Rodion Amirov continued his trail-blazing season with a goal in each of his first three international appearances. Nobody has done that before for team Russia, with only Alexander Popov, Roman Lyubimov and Pavel Poryadin scoring on their first two international appearances. The Maple Leafs prospect is also far younger than those three – just one month past his 19th birthday. Who knows, maybe we just wrote the first chapter of another Red Machine legend.
Before the Karjala Cup got underway, Russia’s decision to send its U20s to the tournament sparked controversy. Yet, Igor Larionov’s juniors proved more than capable of doing the job, winning all three games to lift the trophy. Thursday’s first period against Finland – three unanswered goals in the host’s net – set the tone. The teenagers showed great character to score a late goal on Sweden, forcing a shoot-out that was decided by Yaroslav Askarov’s solid goaltending and Vasily Podkolzin’s skillful winner. Then, in a winner-takes-all showdown against the Czechs, Askarov got his first international shut-out in a 3-0 win.

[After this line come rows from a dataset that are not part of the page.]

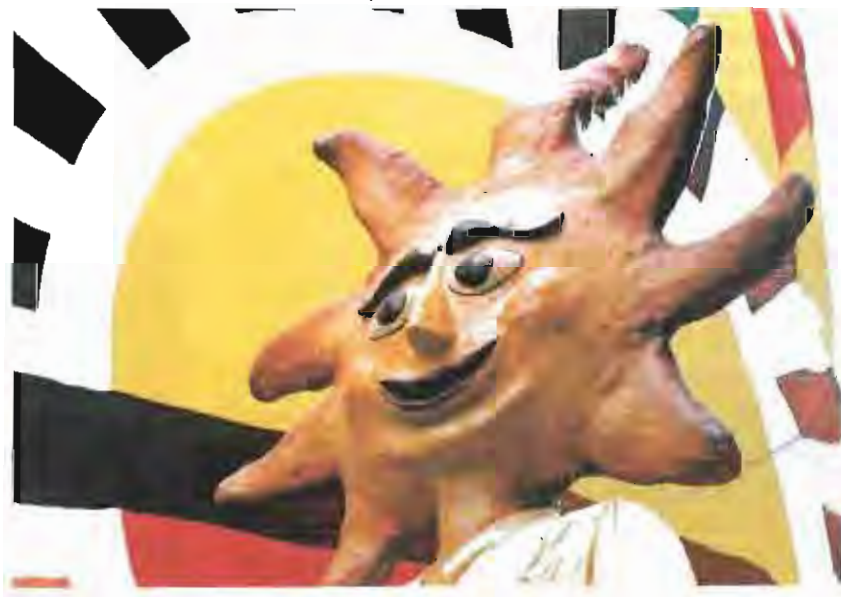
Primer premi del tercer ral·li fotogràfic de Festa Major 1998

Ara, la Regidoria de Lleure i la Comissió de Festes ja treballen activament per ultimar els detalls de la revetlla de cap d'any.
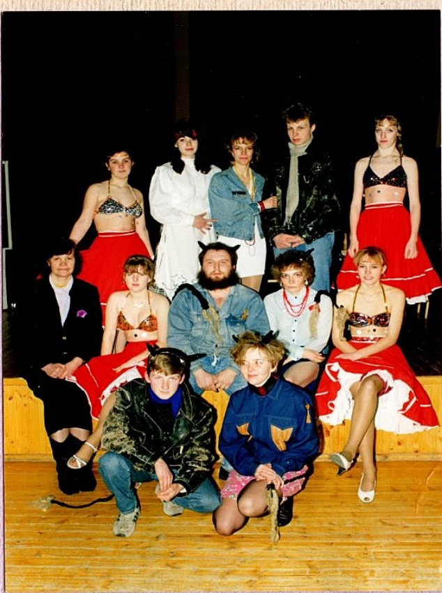
Værelaps ja kalula tar

Väga väga ras nervad 1994 härte võngede inamõnna kõnnukile
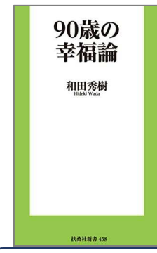
90歳の幸福論 和田 秀樹／著 扶桑社
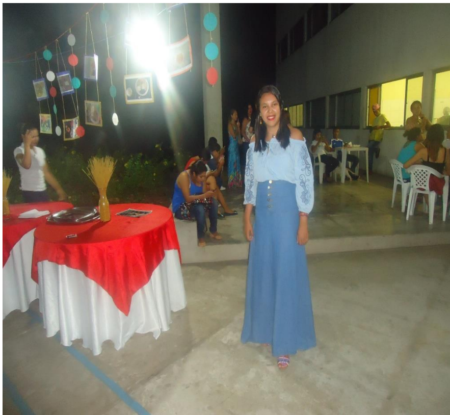
Figura 3: Aluna que interpretou a personagem Julieta

A personagem Julieta vestiu uma saia azul longa, blusa de mangas compridas e bordados nas laterais, numa tonalidade azul, mais claro que a saia, sandálias com altura média, também, com adornos azuis, brincos grandes e coloridos, cabelos negros, lisos e soltos, e uma maquiagem suave, como na imagem abaixo (Figura 3).
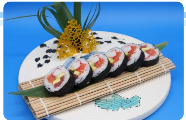
220. Futomaki mix salmone, tonno, surimi di granchio, avocado € 9,00
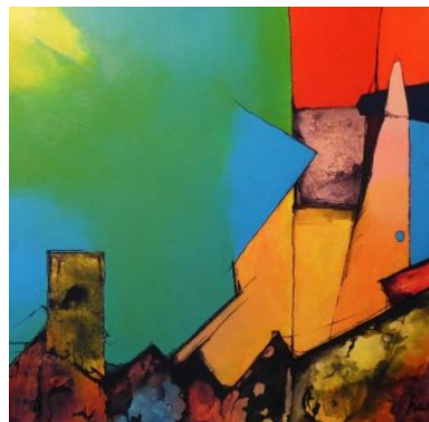
#7 HUNGER NACH UTOPIE
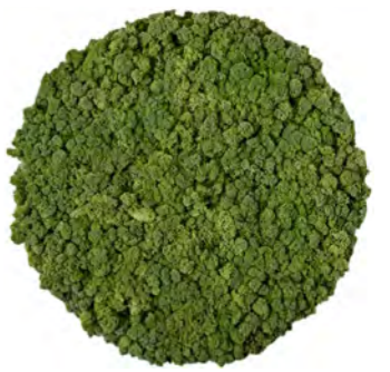
Cirkel diameter 600 mm Met randafwerking
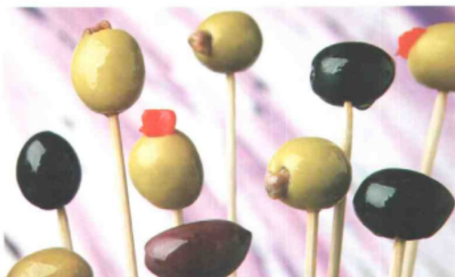
La ración media recomendada es de siete aceitunas al día

E sta organización ha lanzado la campaña con el objetivo principal de informar a los consumidores sobre los beneficios que tiene este producto, tan arraigado en la tradición gastronómica española pero del que el consumidor, a menudo, desconoce las ventajas. La aceituna de mesa tiene, entre otras propiedades, un gran contenido en ácido oleico y es una fuente importante de fibra, además de su riqueza en minerales y vitaminas.
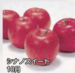
シナノスイート 10月
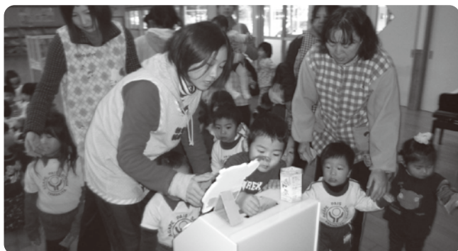
▲園児たち一人一人に募金箱に入れていただきました。

町内の皆様をはじめ、企業や公共機関の皆様、たくさんのご協力ありがとうございました。今回の募金の総額実績と詳細は、別紙の折り込みチラシに掲載しています。
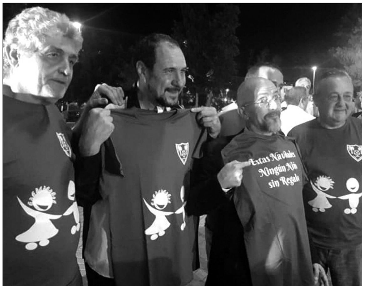
Los humoristas se unieron a la campaña solidaria.
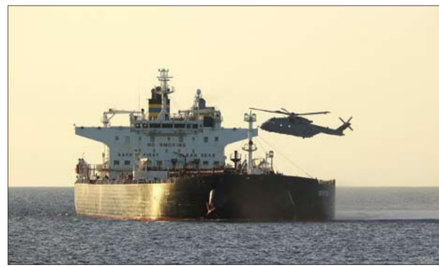
قوات كوماندوز بريطانية خلال عملية اعتراض بحري على متن السفينة «سميرتوس»..

كتب الرئيس الأوكراني فولوديمير زيليونكي الأحد على منصة إكس أن بلاده شنت هجوماً خلال الليل على منشأة نفطية في منطقة ياروسلافل الروسية، وعلى مصنع آزوت للكيماويات في منطقة تولا. وقال زيليونكي إن مصنع آزوت مهم لإنتاج المتفجرات في روسيا. وأضاف أنه تم شن هجمات أيضاً على أهداف لوجستية عسكرية روسية في المناطق المحتلة من أوكرانيا. هذا وأعلنت وزارة الدفاع الروسية، أمس إحرار تقدم ميداني ملحوظ على جميع محاور العملية العسكرية الخاصة، مشيرة إلى أن قواتها تمكنت حتى اللحظة من السيطرة وتطهير 117 مبنى في بلدة كوستيانيتيفكا الاستراتيجية الواقعة ضمن أراضي مقاطعة دونيتسك. بحسب سيوتنيك، وأوضح المتحدث الوزارة، في بيانهما الإيجازي اليومي، أن النجاحات العسكرية المتتالية والتقدم المتسارع للقوات الروسية في عمق كوستيانيتيفكا، فرضت واقعا ميدانياً جديداً أجبر السلطات الأوكرانية في كييف على بدء عمليات إجلاء واسعة للمؤسسات والإدارات الرسمية والرئيسية من بلدي كراماتورسك ودروجوفكا المجاورتين، ونقلها باتجاه مناطق غربي أوكرانيا.
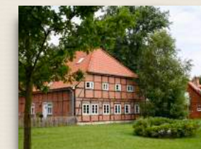
Wohngruppe Niestedter Weg
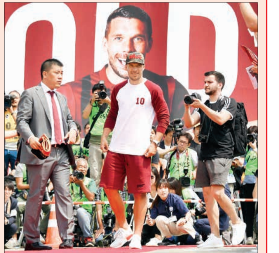
استقبال رائع للاماني

رحب مئات من جماهير كرة القدم بلوكاس بودولسكي مهاجم المنتخب الألماني السابق فور وصوله لليابان، وذلك قبل أن يبدأ مسيرته مع فريق فيسبل كوبي لكرة القدم. ووصل بودولسكي مرتديا قبعة مكتوبا على مقدمتها اسم الشهرة الخاص به «بولدي» باللغة اليابانية قبل أن يوقع على الأوتوغرافات والتقاط صور مع معجبيه والأطفال.
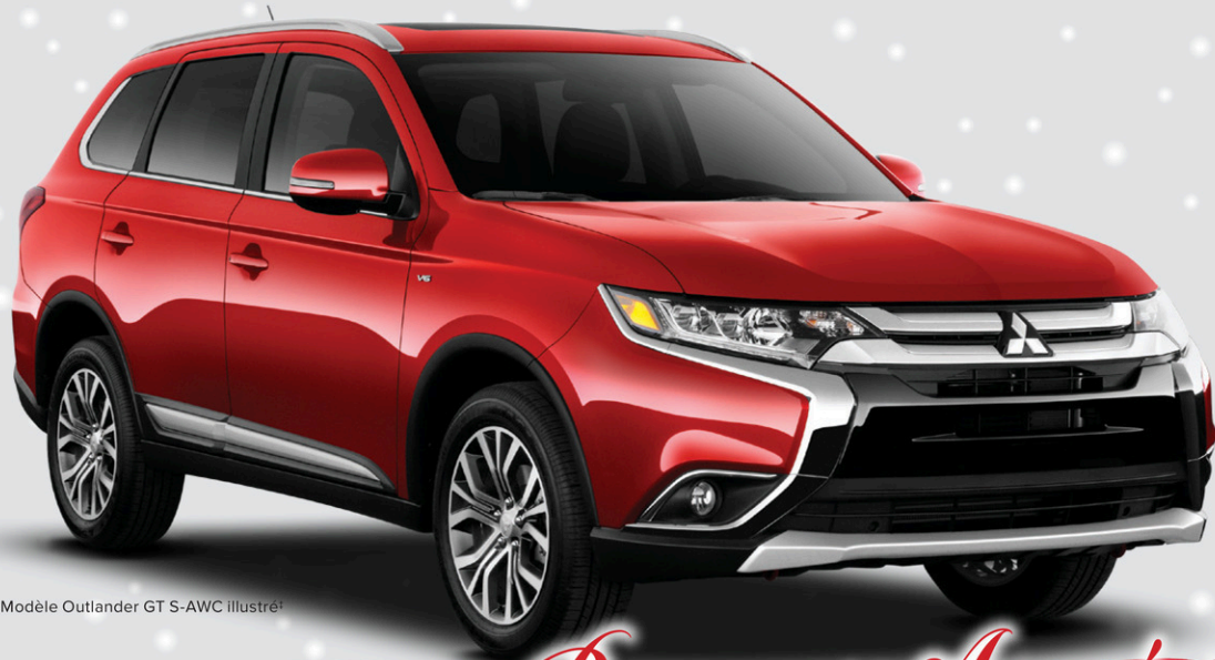
Modèle Outlander GT S-AWC illustré 1
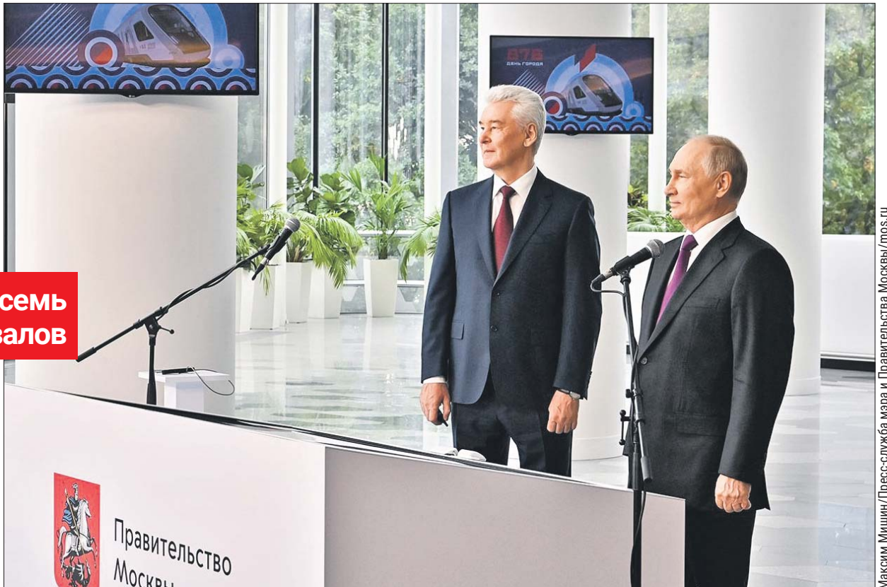
В запуске маршрута приняли участие президент Владимир Путин и мэр Сергей Собянин

ездки — 50 рублей. «Пригород» — от станции Апрелька до Лесного Городка и от Никольского до Железнодорожной. Проезд стоит 65 рублей. «Дальняя» — от станции Нара до Дачной и от Чёрного до Крутого. Стоимость поездки — 65 рублей плюс 30 рублей за каждую зону за пределами «Пригорода».
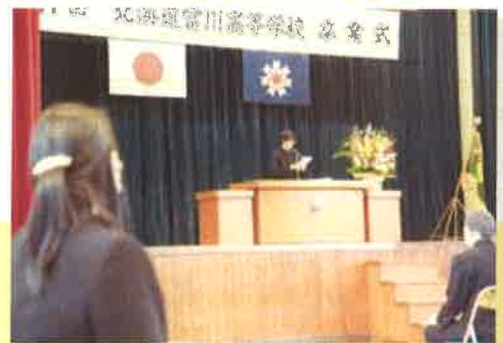
学年末考査・学習成果発表会・ 卒業証書授与式・修了式
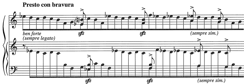
Şekil 17. On yedinci etüdün başlangıcı

Ligeti, üçüncü kitap etütlerinden sadece À bout de souffle ’da tempoyu kademe kademe artırmadan, başından sonuna kadar sabit tutmuştur. Temposu Presto con bravura olan bu etütteki sekizlik dizilerde aksanlar sağ ve sol elde hep aynı notalardadır ve kanondan dolayı hep arka arkaya gelerek Ligeti’nin stil özelliklerinin temel taşlarından biri olan aksak ritmi ortaya çıkarır (Şekil 17).

The success of Russia’s juniors on the international stage is not such a surprise when you look at the impact young players have made in this season’s KHL. Although barely a third of the regular season is done, the 2020/2021 campaign has already seen 91 U20 players – more than any other season – get game time in the league. The previous best was set back in 2009/2010. The youngsters are also on track to score more goals than before – the current record is 103, this season’s tally is 42 and counting – and could easily make more appearance (434 games up to now, against a record of 1,714). Not surprisingly, the average age of players in KHL is lower than ever, dropping below 27 years for the first time. And 163 players have made their debuts so far this season, against a record of 215 in the 2013/2014 season when two new clubs came into the league.